French canal project
If the river
mn
, a tributary of the river Loire, were turned with its turbid waters into the river of Romorantin it would enrich the lands that it irrigated and would render the country fertile to supply food for the inhabitants and it would serve as a navigable canal for merchandise. . . .
182
The eve of St Anthony [13 January 1518] I returned from Romorantin to Amboise and the king left Romorantin two days before.
183
 
In May 1518 the French court at Amboise celebrated the baptism of the dauphin and the marriage of Lorenzo de’ Medici, the Pope’s nephew, to Maddalena de la Tour d’Auvergne, the niece of Francis I. The festivities went on for weeks, and included a brilliant tournament. In the evening of 19 June 1518, the king brought his great company of guests to Leonardo’s chateau at Cloux where the court had been turned into a wonderful ballroom covered by a dome of deep blue fabric from which the sun, moon, and stars shone on the guests below. This magic night at Cloux brought the festivities at Amboise to a close.
 
On the 24th of June, 1518, the day of St John, at Amboise in the palace of Cloux.
184
 
This is the last dated note in Leonardo’s hand.
 
LEONARDO’S WILL
April 23, 1519.
Be it known to all persons, present and to come, that at the court of our Lord the King at Amboise before ourselves in person, Messer Leonardo da Vinci, painter to the King, at present staying at the place known as Cloux near Amboise, duly considering the certainty of death and the uncertainty of its time, has acknowledged and declared in the said court and before us that he has made according to the tenor of these presents, his testament and the declaration of his last will as follows:
And first he commends his soul to our Lord, Almighty God, and to the glorious Virgin Mary, and to our Lord Saint Michael, to all blessed angels and Saints male and female in Paradise.
Item.

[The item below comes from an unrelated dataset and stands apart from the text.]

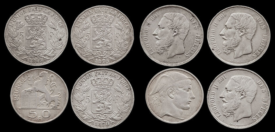 Три монеты 5 франков, Бельгия. Валютный (монетный союз). Не первые монеты этой весьма интересной группировки. Да и бельгийский 5-франковик у меня уже был (1876 года). Но тем не менее, а скорее более они интересны. В первую очередь исполнением. Предельно четко и ясно. LEOPOLD II ROI DES BELGES - Леопольд №2, король бельгийский. На реверсе коронованный герб государства в венке из лаврушки. L'UNION FAIT LA FORCE - Единство создает силу.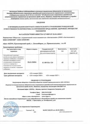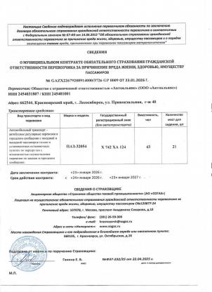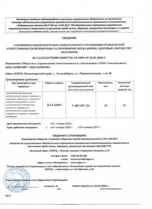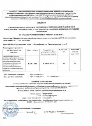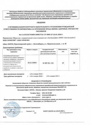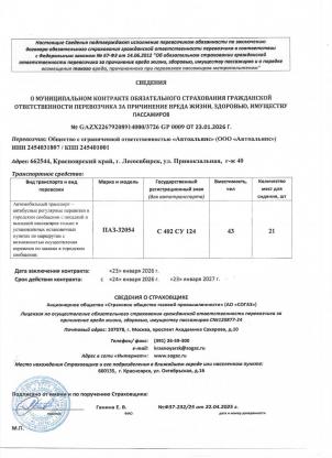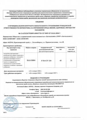 ООО «АвтоЛайн» ООО "Автопассаж" согласно Федерально-му закону № 67-ФЗ «Об обязательном страховании гражданской ответственности перевозчика за причинение вреда жизни, здоровью, имуществу пассажиров и о порядке возмещения такого вреда, причиненного при перевозке пассажиров метрополитеном» вступившему в силу с 1 января 2013 г., и Правилами обязательного страхования (стандартными) гражданской ответственности перевозчика за причинение вреда жизни, здоровью, имуществу пассажиров от 11 января 2013г. заключены договора обязательного страхования гражданской ответственности перевозчика за причинение вреда жизни, здоровью, имуществу пассажиров.

The said Testator desires to be buried within the church of St Florentin at Amboise, and that his body shall be borne thither by the chaplains of the church.
Item. That his body may be followed from the said place to the said church of St Florentin by the collegium of the said church, that is to say by the rector and the prior, or by their vicar and chaplains of the church of St Denis at Amboise, also the Minors of the place; and before his body shall be carried to the said church this Testator desires that in the said church of St Florentin three grand masses shall be celebrated by the deacon and sub-deacon and that on the day on which these three high masses are celebrated, thirty low masses shall also be performed at St Gregory.
Item. That in the said church of St Denis similar services shall be performed as above.
Item. That the same shall be done in the church of the said friars and Minors.
Item. The aforesaid Testator gives and bequeaths to Messer Francesco da Melzo, nobleman of Milan, in remuneration for services and favours done to him in the past, each and all of the books the testator is at present possessed of, and the instruments and portraits appertaining to his art and calling as a painter.
Item. The same Testator gives and bequeaths henceforth for ever to Batista de Vilanis one half, that is, the moiety of his garden, which is outside the walls of Milan, and the other half of the same garden to Salaì his servant; in which garden aforesaid Salaì has built and constructed a house which shall be and remain henceforth in all perpetuity the property of the said Salaì, his heirs and successors; and this is in remuneration for the good and kind services which the said de Vilanis and Salaì, his servants, have done him in past times until now.